At that time, businesses need to change policies, pay more attention to customer behavior and experience.

Low Factor

This ratio is low, reflecting that the business cannot collect credit receivables from related transactions or debts. This negatively affects the business’ sales and capabilities:

  • It is the way business credit is given that is not effective.
  • Increasing bad debt situation as well as the ability to control cash flow is more difficult.
  • Like a high receivables turnover ratio, it is difficult for customers to pay off credit. This makes it difficult for them to purchase or transact later.
  • In addition, it is also related to many other problems, adversely affecting businesses. If this coefficient is extremely low, businesses need to change their policies and pay attention to customers in a realistic way, thereby increasing revenue for the business.

How Much Receivables Turnover Is Reasonable?

Each industry has different regulations on the receivables turnover ratio, so it is impossible to determine the exact coefficient.

From there, the assessment of management effectiveness when collecting receivables and debts from customers must compare the average number of days of collection with the number of days of payment for receivables as prescribed by the enterprise.

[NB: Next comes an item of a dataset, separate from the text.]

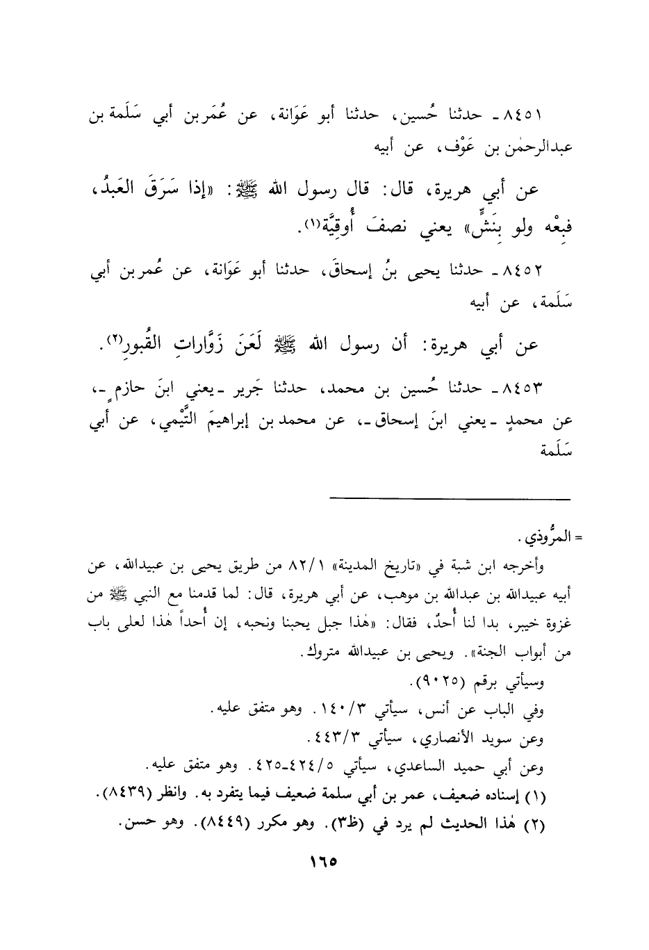 ٨٤٥٢ - حَدَّثَنَا يَحْيَى بْنُ إِسْحَاقَ، حَدَّثَنَا أَبُو عَوَانَةَ، عَنْ عُمَرَ بْنِ أَبِي سَلَمَةَ، عَنْ أَبِيهِ، عَنْ أَبِي هُرَيْرَةَ، أَنَّ رَسُولَ اللهِ صَلَّى اللهُ عَلَيْهِ وَسَلَّمَ: " لَعَنَ زَوَّارَاتِ الْقُبُورِ " (٢)

Accounts turnover helps businesses measure a company’s efficiency when it comes to collecting fees. From that turnover ratio, businesses will have appropriate credit recovery policies to maintain the company’s business performance.

Drawbacks of the Accounts Receivable Turnover Index

Although this coefficient helps you to detect activity trends, thereby devising a business strategy. But failed to detect or identify bad debt accounts or customers that needed specific review or overdue accounts and customers.

In addition, these revenues can change throughout the year, the calculation based on the start and end dates of the year will be difficult to be completely accurate. Finally, it is still advisable to compare this coefficient with other enterprises in the same industry with similar products with the same scale and similar business models.


Hope through the above sharing about accounts receivable turnover of you can get more useful information about the financial sector. From there run the business smoothly and successfully.